Photo: Renaud Philippe Le Devoir Les clients du Drague Cabaret Club vibrent au rythme des succès dansants interprétés par des «drag queens» toutes plus extravagantes les unes que les autres.

De la « soucoupe volante » du « bunker » jusqu’au lac à l’Épaule, en passant par l’« aquarium », Le Devoir a parcouru quelques-uns des lieux de pouvoir où le Québec moderne a été construit. Dernier de six textes.

Perruques énormes, longs cils, lèvres barbouillées de rouge : les clients du Drague Cabaret Club vibrent au rythme des succès dansants interprétés par des drag queens toutes plus extravagantes les unes que les autres. De leur côté, les « bachelorettes » de passage sur la Grande Allée sont invités par le Maurice Nightclub à garder en tête la citation d’Oscar Wilde : « Les folies sont les seules choses qu’on ne devrait jamais regretter. »

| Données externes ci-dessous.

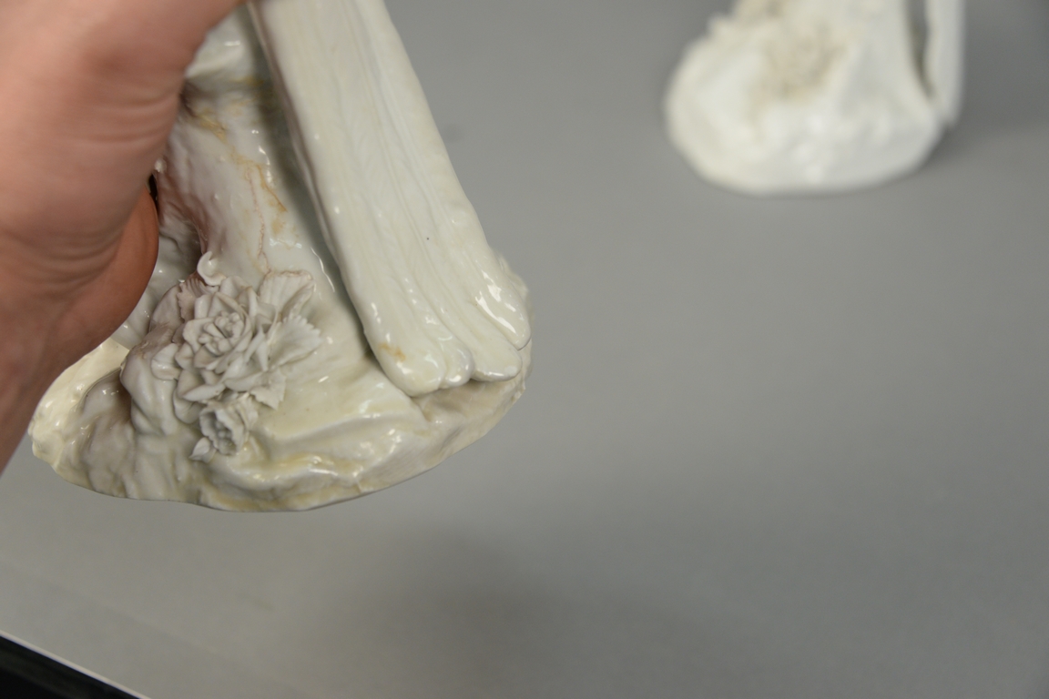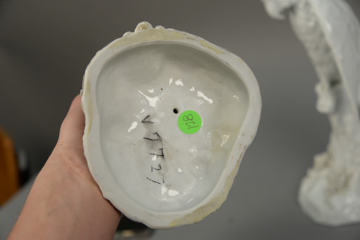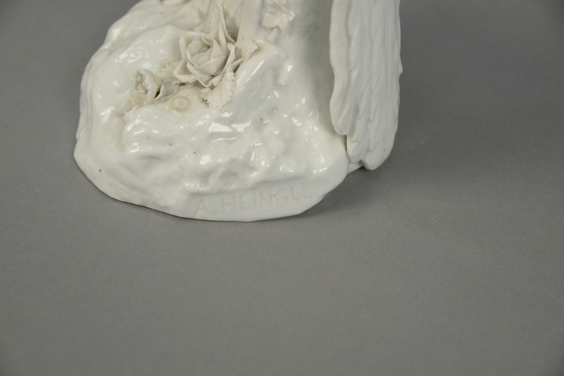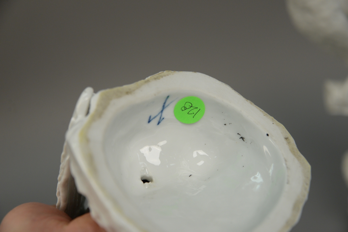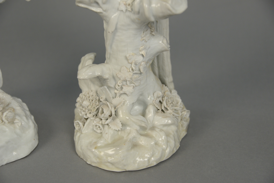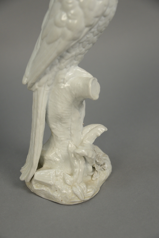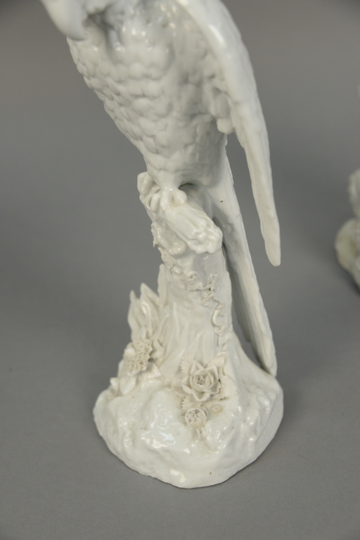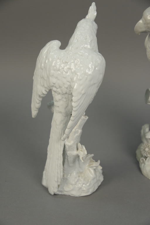 Lot 27: Pair of German porcelain parrots on tree stumps Blanc de Chine with blue crossed swords mark on bottom, impressed A. Heingle mark on…

Les deux bâtiments du centre-ville de Québec en ont vu d’autres. Et pour cause, car ils ont abrité respectivement le Club de réforme du Parti libéral du Québec et le Club Renaissance de l’Union nationale.

Entre deux parties de cartes, de billard ou de ping-pong, les membres du Club de réforme bavardent politique autour d’un repas parfois arrosé. Ils ont sous la main les éminences grises du PLQ — qui tiennent les commandes de l’État. Pratique. « [Ils] semaient des idées, échafaudaient des doctrines politiques, rédigeaient presque des lois […]. Le club constituait dès ses débuts une pépinière d’hommes politiques, de députés, de ministres. On y façonnait les futurs chefs de la nation », souligne le Club de réforme dans un livre publié à l’occasion de son 25e anniversaire (1942).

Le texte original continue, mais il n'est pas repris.